Patio table, Nice, France

The blue-backed notebooks, the two pencils and the pencil sharpener (a pocket knife was too wasteful), the marble-topped tables, the smell of early morning, sweeping up and mopping, were all you needed. For luck you carried a horse chestnut and a rabbit's foot in your right pocket. The fur had been worn off the rabbit's foot long ago and the bones and the sinews were polished by wear. The claws scratched in the lining of your pocket and you knew your luck was still there.
- Ernest Hemingway, "A Moveable Feast"

Ordinarily I never read anything before I write in the morning to try and bite on the old nail with no help, no influence and no one giving you a wonderful example or sitting looking over your shoulder.
- to Berenson, 1952, "Selected Letters"

However am now going to write a swell novel - will not talk about it on acct. the greater ease talking about it than writing it and consequent danger of doing same.
- to F. Scott Fitzgerald, 1927, "Selected Letters"
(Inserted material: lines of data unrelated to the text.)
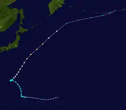 A low-pressure system formed in the western Pacific on August 21. Initially drifting west-northwest, the system slowly developed and intensified to tropical storm status by August 28. It was named Betty. Betty reached peak intensity on August 30. Betty then turned northeastward, and made landfall near Yeosu, South Korea, on August 30 as a tropical storm. It later transitioned to an extratropical cyclone on September 1 and dissipated on September 4. No significant damage or casualties were documented, attributed to its moderate strength and landfall in less populated regions.
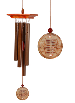 This chime features a sun motif windcatcher, made of beautiful amber-colored stone. The enchanting sound of this wind chime is the result of a special tuning using the "Golden Ratio." This ratio, discovered by the ancient Greeks, can be found throughout nature.
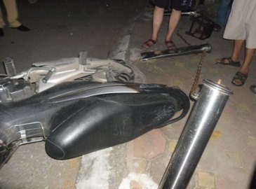 | Hàng rào và chiếc xe máy bị xe "điên" đâm nát (Nguồn: Lao động online) |
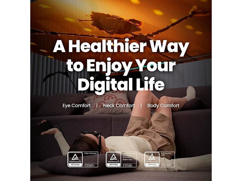Окуляри отримали сертифікацію TÜV Rheinland, що підтверджує їхню безпеку для здоров'я. Технологія зменшеного синього світла та відсутність мерехтіння знижують навантаження на очі, роблячи використання пристрою безпечним навіть під час тривалих сеансів. Це ідеальне рішення для тих, хто хоче зберегти здоров'я очей за активного використання технологій AR.
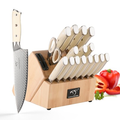 NANFANG BROTHERS Knife Set, 19-Piece Damascus Kitchen Knife Set with Block, ABS Ergonomic Handle for Chef Knife Set, Knife Sharpener and Kitchen Shears, Knife Block Set

I am more a fan of Hemingway on writing than Hemingway's collective works themselves. Which is saying something, as I admire his work very much. I find Hemingway's insights on the culling of inspiration, on ways to structure the discipline required to make worthy stories from slips of ideas, frequently hit the mark with me. I am often, as Hemingway puts it, facing "the blank paper, the pencil, and the obligation to invent truer things than things can be true." Dear friends, there is a vast Senegeti between the thought and the finished story.
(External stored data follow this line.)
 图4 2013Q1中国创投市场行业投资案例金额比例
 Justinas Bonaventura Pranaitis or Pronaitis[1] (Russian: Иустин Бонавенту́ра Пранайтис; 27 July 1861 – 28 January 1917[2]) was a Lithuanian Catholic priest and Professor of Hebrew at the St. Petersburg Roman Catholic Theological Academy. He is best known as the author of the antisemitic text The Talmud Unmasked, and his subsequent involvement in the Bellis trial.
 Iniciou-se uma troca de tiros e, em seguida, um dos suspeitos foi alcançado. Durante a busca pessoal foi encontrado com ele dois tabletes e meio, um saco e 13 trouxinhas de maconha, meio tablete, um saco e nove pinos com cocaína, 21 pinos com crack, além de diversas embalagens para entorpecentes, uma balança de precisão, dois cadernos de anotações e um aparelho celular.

Hemingway often spoke about pitfalls and insights in the writing process in his witty, frank letters to literary friends and editors. The "Selected Letters," and "Ernest Hemingway on Writing" (ed. Larry Phillips) span Hemingway on everything from writer's block to politics, indulgence and the dangers of success.

Sometimes, like today, when I am stumped for the right critical filter to evaluate a work I've finished and determine if it really is done, I turn to Hemingway's strong self-critical drive and let him be my guide. He once wrote Fitzgerald, "I think you should learn about writing from everybody who has ever written that has anything to teach you." They had been discussing Dostoevsky, and a line Hemingway later included in "A Moveable Feast" was to resonate from his own search to master the nuances of the perfect story. "How can a man write so badly," he wrote, "so unbelievably badly, and make you feel so deeply?"

There is more to effective writing than grammar or form. There is a spark, the cadence of empathy. The necessary, powerful word that conveys the whole of the thing. The rest, as Hemingway might say, is but plaster smacked up on the wall.

And finally, for me, there is Hemingway's unquestioned loyalty to story. Telling a tale in the way one might carve a facet from a rough stone, making it worth the read. A man of extraordinary passions and talents, there is no end to what Hemingway might have done in life besides inhabit cafes and rewrite drafts. But consider this, from "Green Hills of Africa,"

"Do you think your writing is worth doing - as an end in itself?"
"Oh yes."
"You are sure?"
"Very sure."
"That must be very pleasant."
"It is," I said. "It is the one altogether pleasant thing about it."

As I review my work and think about whether it satisfies me, and then if what I have written measures up to an imagined reader's expectations, I bear in mind what Hem said in a letter to Ivan Pushkin in 1935, ". . .writing is something that you can never do as well as it can be done. It is a perpetual challenge and it is more difficult than anything else that I have ever done - so I do it. And it makes me happy when I do it well."

A thousand ways this hits the old nail on the head.